This has been discussed on the RO discussion list. What follows is a summary of the results of the discussion.

The RO epistemic relationship definitions are strongly informed by David Schum's work, particularly "Thoughts about a science of evidence" ( http://www.evidencescience.org/content/Science.doc\) and Anderson, T., Schum, D., Twining, W. Analysis of Evidence, 2nd ed. Cambridge University Press, 2005

All epistemic relations are meta-level instance relationships. That is, they relate evidence to a proposition. They are therefore expressible only in OWL Full. Epistemic relations cannot be modeled as an owl:AnnotationProperty because one cannot define subproperties or domain/range constraints for annotation properties.

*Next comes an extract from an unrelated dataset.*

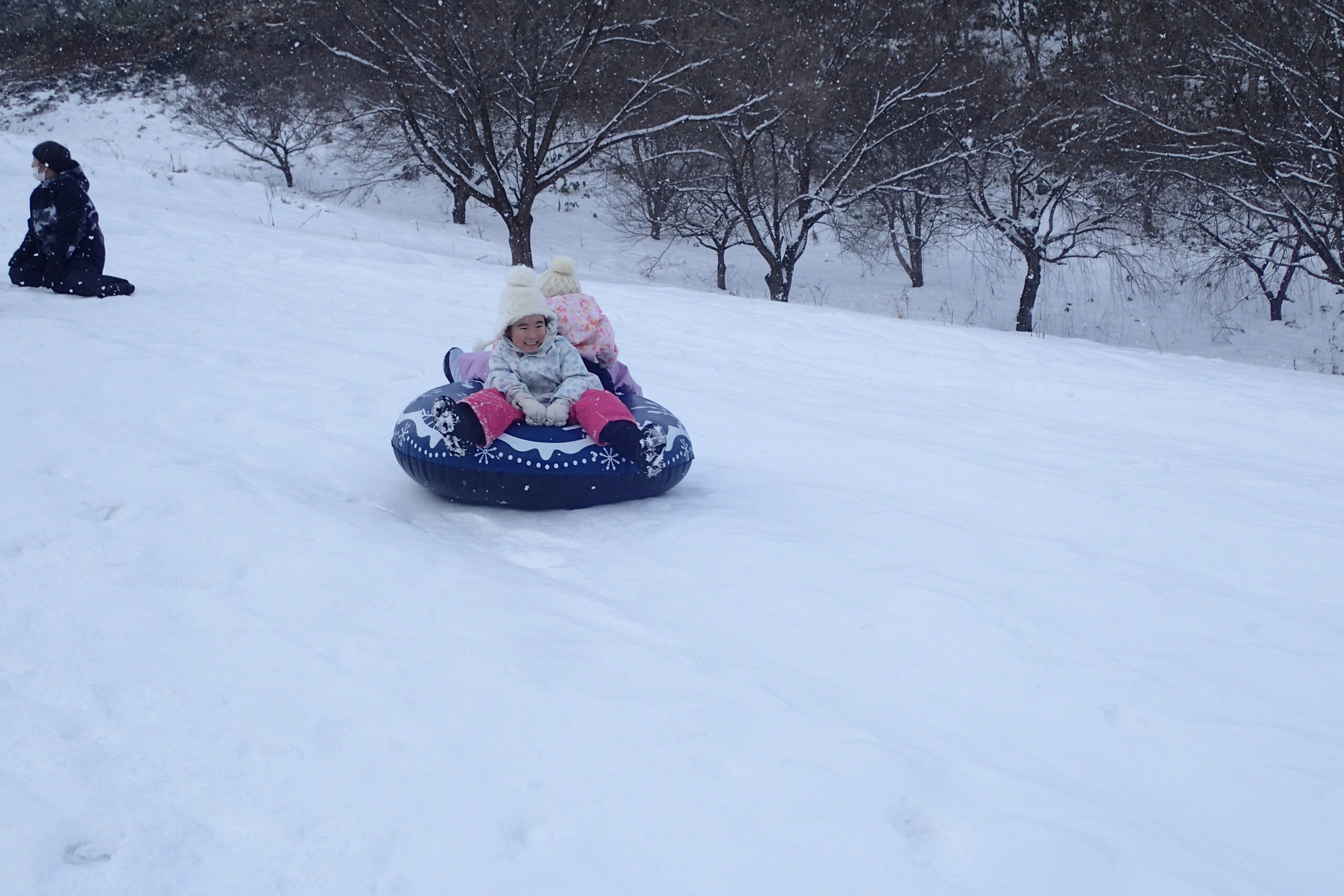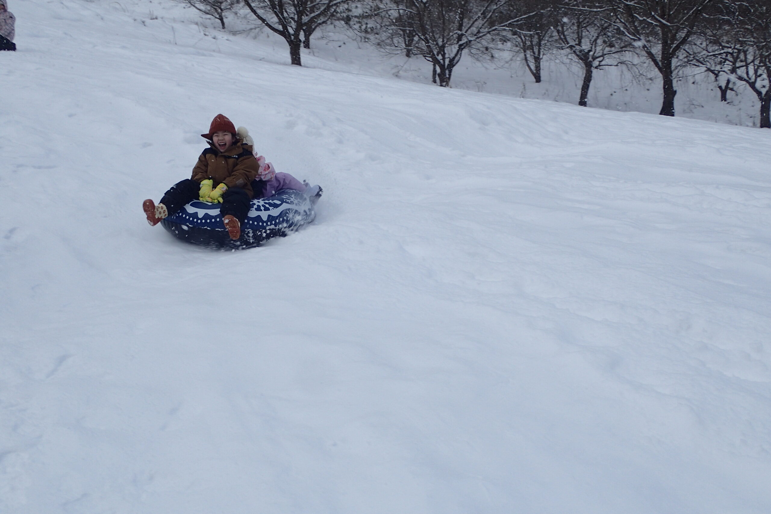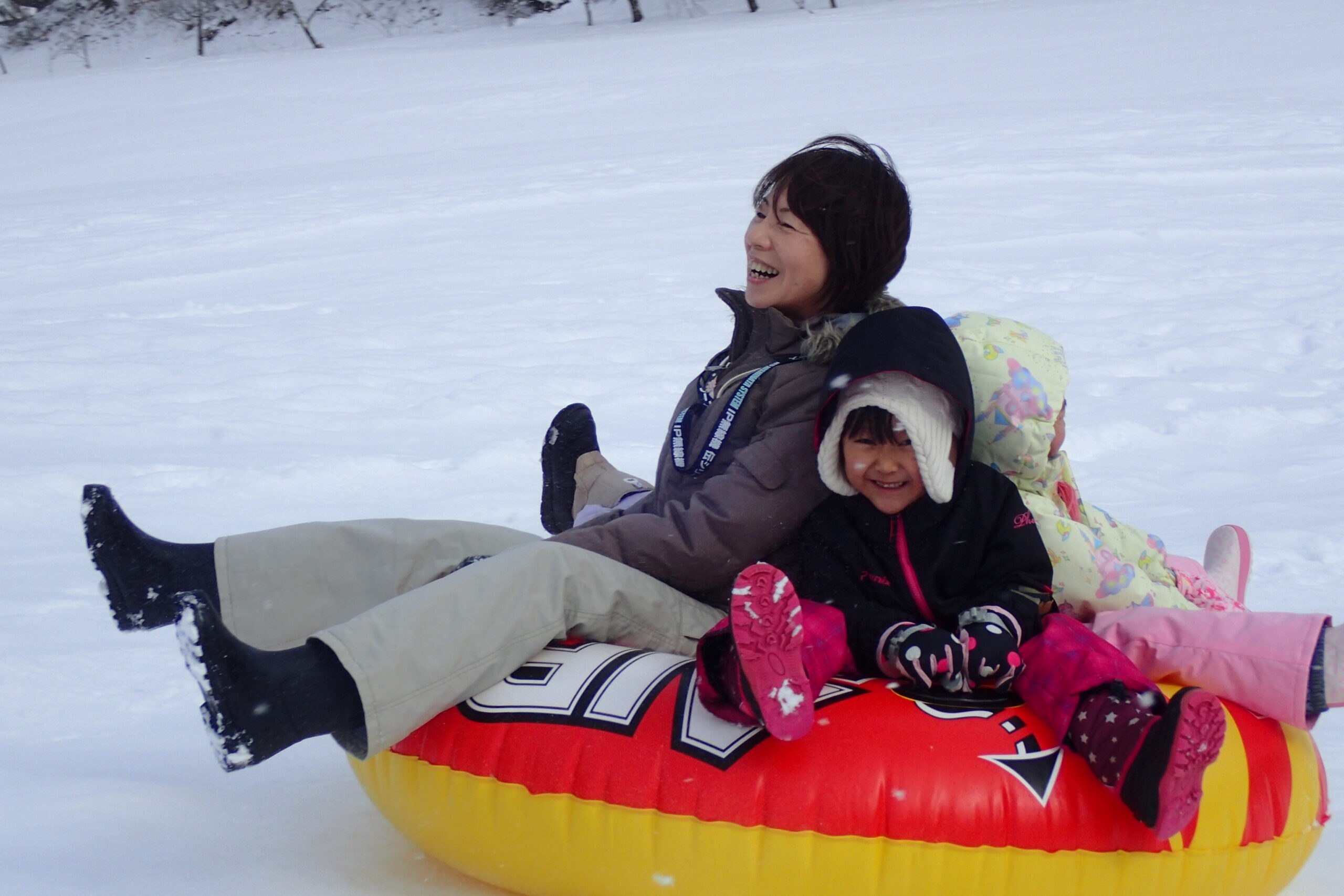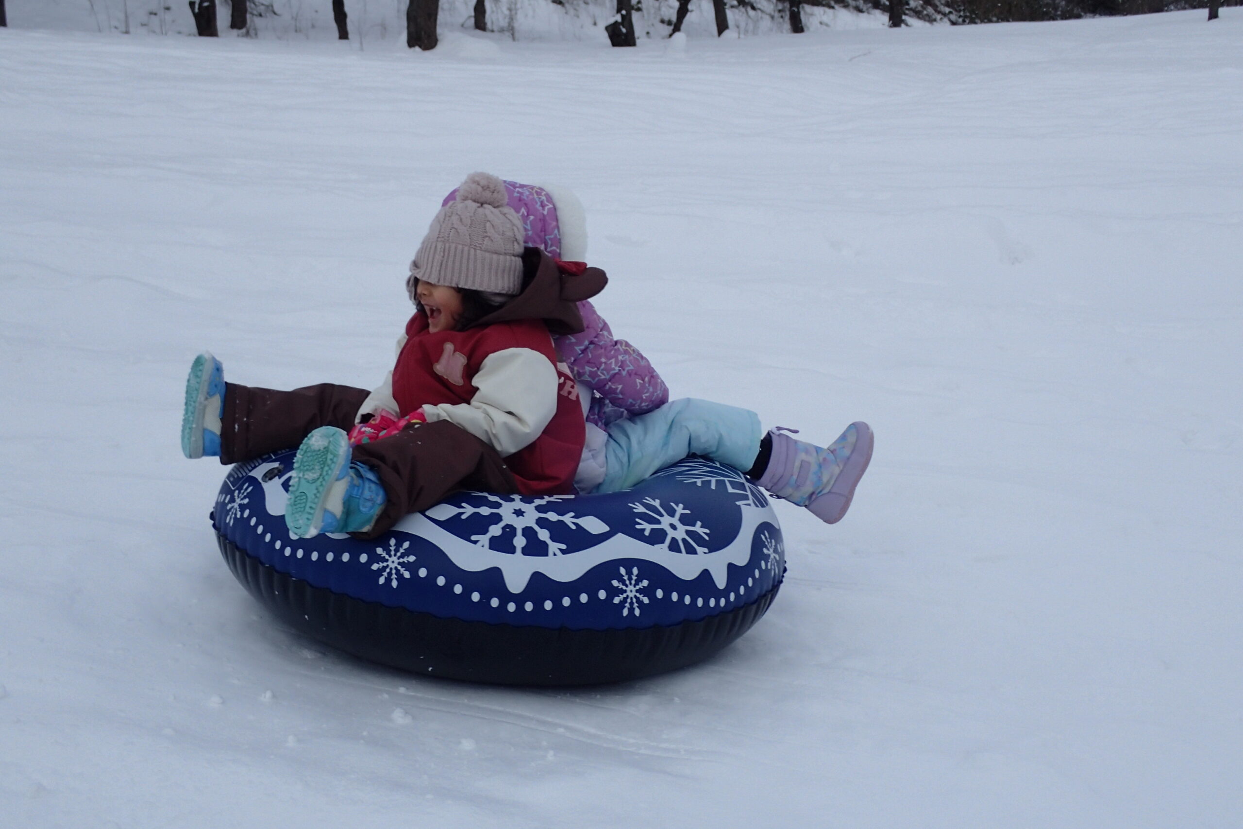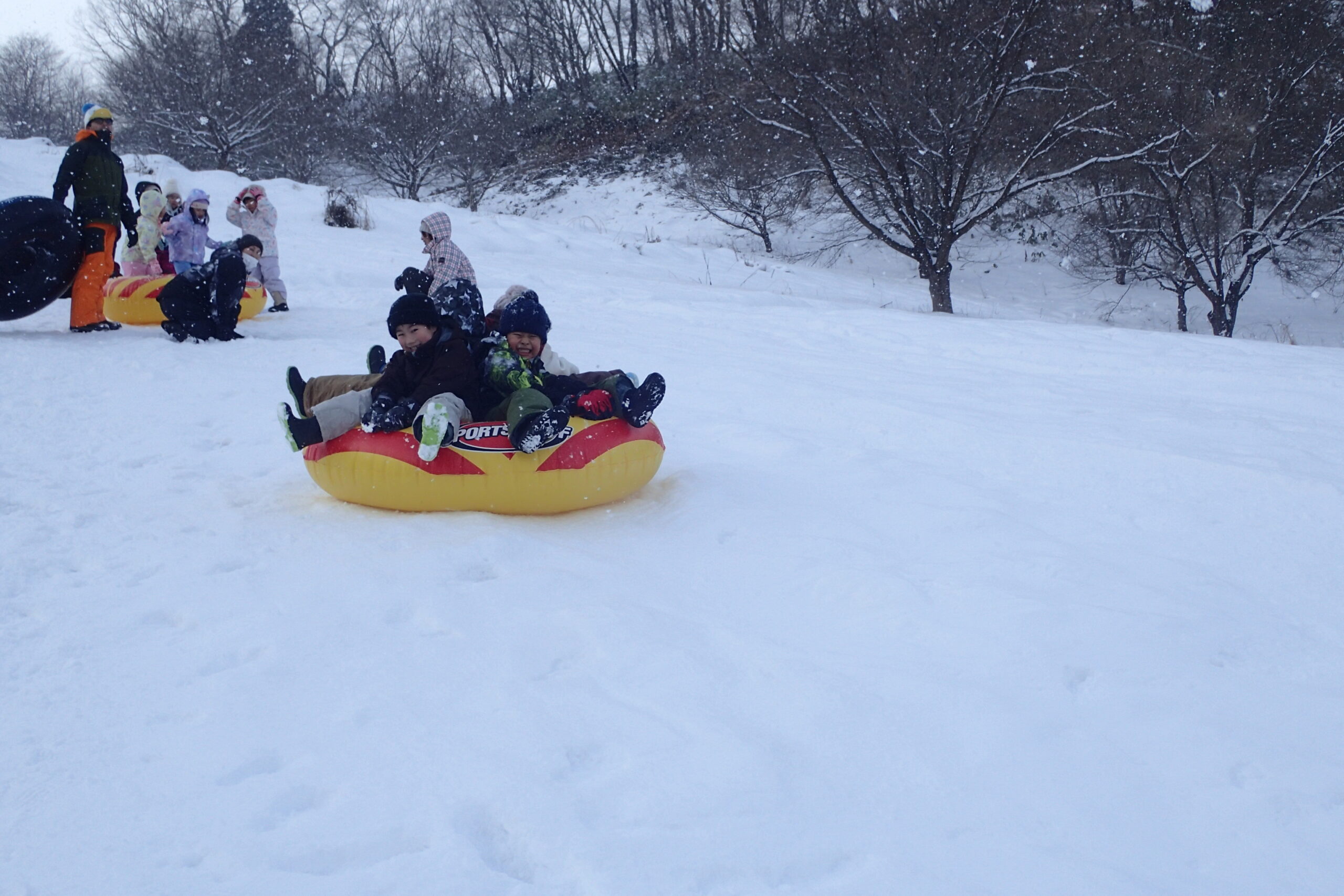 チューブそりは数が限られているため長い列ができましたが、スピードが出ても安定感があり、ジェットコースターのように一気に下まで滑り、友達と2人乗り4人乗りで楽しんでいました。

The top-level epistemic relationship is called "is_relevant_to" (along with its inverse, "has_evidence"). It relates evidence to a proposition. Evidence is an instance of an OBI:DENRIE (that is, an information entity that is either a collection of bits that can be interpreted by a computer or a dependent_continuant which conveys meaning and can be documented and communicated -- see https://wiki.cbil.upenn.edu/obiwiki/index.php/DigitalEntityTerms\). A proposition is a statement that can be either true or false. OBO propositions are OWL individual axioms (http://www.w3.org/TR/owl-ref/#Individual) whose class membership and property values are drawn from OBO ontologies. OBO propositions, so defined, may be coextensive with OBI:Hypothesis, which is not yet well defined.

Definitions:

IS_RELEVANT_TO / HAS_EVIDENCE

Evidence E RO_proposed:is_relevant_to proposition P iff E can be linked by inference to P. (See "Analysis of Evidence," 2nd edition, pp. 76-77) The OWL:inverse_of relationship is P RO_proposed:has_evidence E

SUPPORTS / IS_SUPPORTED_BY

Evidence E RO_proposed:supports proposition P iff E can be linked by inference to establishing that P is true. The OWL:inverse_of relationship is P RO_proposed:is_supported_by E.

CONTRADICTS / IS_CONTRADICTED_BY

Evidence E RO_proposed:contradicts proposition P iff E can be linked by inference to establishing that P is false. The inverse relationship is P RO_proposed:is_contradicted_by E.

Supports and contradicts relations are related to each other via negation of the proposition. Negation (and the term "not") are part of owl, so the following is not expressed in owl:

E supports P is-equivalent-to E contradicts (not P)

E contradicts P is-equivalent-to E supports (not P)

It is not clear if there is a need for analogous class-level relations; all OBO relations among universals are defined to be true (under all-some quantification). If class-level epistemic relations are necessary, their definition based on the instance-level relationships above is straightforward.